## SOURCE MATERIAL
**********
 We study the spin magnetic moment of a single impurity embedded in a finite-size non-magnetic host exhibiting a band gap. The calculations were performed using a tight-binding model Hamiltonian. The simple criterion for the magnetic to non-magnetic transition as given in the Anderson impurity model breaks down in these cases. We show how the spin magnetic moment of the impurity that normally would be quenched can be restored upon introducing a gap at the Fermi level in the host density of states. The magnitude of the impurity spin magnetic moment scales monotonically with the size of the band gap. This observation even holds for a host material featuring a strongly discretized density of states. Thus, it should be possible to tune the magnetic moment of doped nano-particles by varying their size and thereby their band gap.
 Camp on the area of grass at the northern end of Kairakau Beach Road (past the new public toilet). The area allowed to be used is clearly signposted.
**********
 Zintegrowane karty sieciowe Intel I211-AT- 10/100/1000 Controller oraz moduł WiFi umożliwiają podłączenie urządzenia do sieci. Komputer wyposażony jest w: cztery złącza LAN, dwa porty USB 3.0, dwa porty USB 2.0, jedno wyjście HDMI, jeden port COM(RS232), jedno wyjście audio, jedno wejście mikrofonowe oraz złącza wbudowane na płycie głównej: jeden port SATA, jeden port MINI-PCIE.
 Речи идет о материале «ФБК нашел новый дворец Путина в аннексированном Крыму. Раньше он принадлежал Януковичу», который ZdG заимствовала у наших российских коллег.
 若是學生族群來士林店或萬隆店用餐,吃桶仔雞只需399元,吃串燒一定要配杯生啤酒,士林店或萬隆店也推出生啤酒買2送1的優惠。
**********
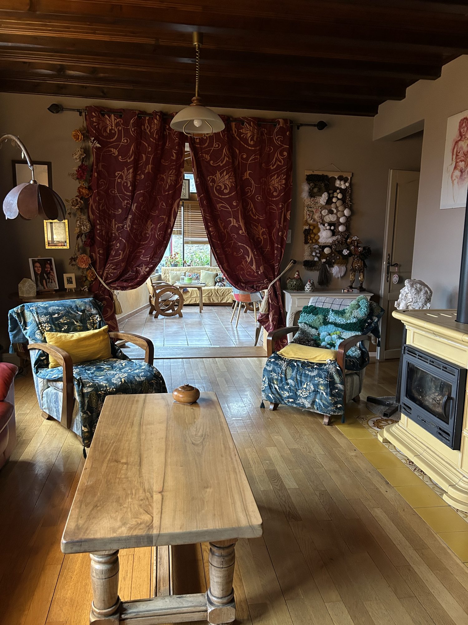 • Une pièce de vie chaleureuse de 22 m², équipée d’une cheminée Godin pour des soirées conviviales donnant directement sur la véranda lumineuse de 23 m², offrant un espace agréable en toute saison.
**********
## ACTIVITY
Scan the records above for the lines holding "We study the" and "Camp on the". Transcribe those two and every line between them word for word, and no others.

## ANSWER TO THIS TASK
 We study the spin magnetic moment of a single impurity embedded in a finite-size non-magnetic host exhibiting a band gap. The calculations were performed using a tight-binding model Hamiltonian. The simple criterion for the magnetic to non-magnetic transition as given in the Anderson impurity model breaks down in these cases. We show how the spin magnetic moment of the impurity that normally would be quenched can be restored upon introducing a gap at the Fermi level in the host density of states. The magnitude of the impurity spin magnetic moment scales monotonically with the size of the band gap. This observation even holds for a host material featuring a strongly discretized density of states. Thus, it should be possible to tune the magnetic moment of doped nano-particles by varying their size and thereby their band gap.
 Camp on the area of grass at the northern end of Kairakau Beach Road (past the new public toilet). The area allowed to be used is clearly signposted.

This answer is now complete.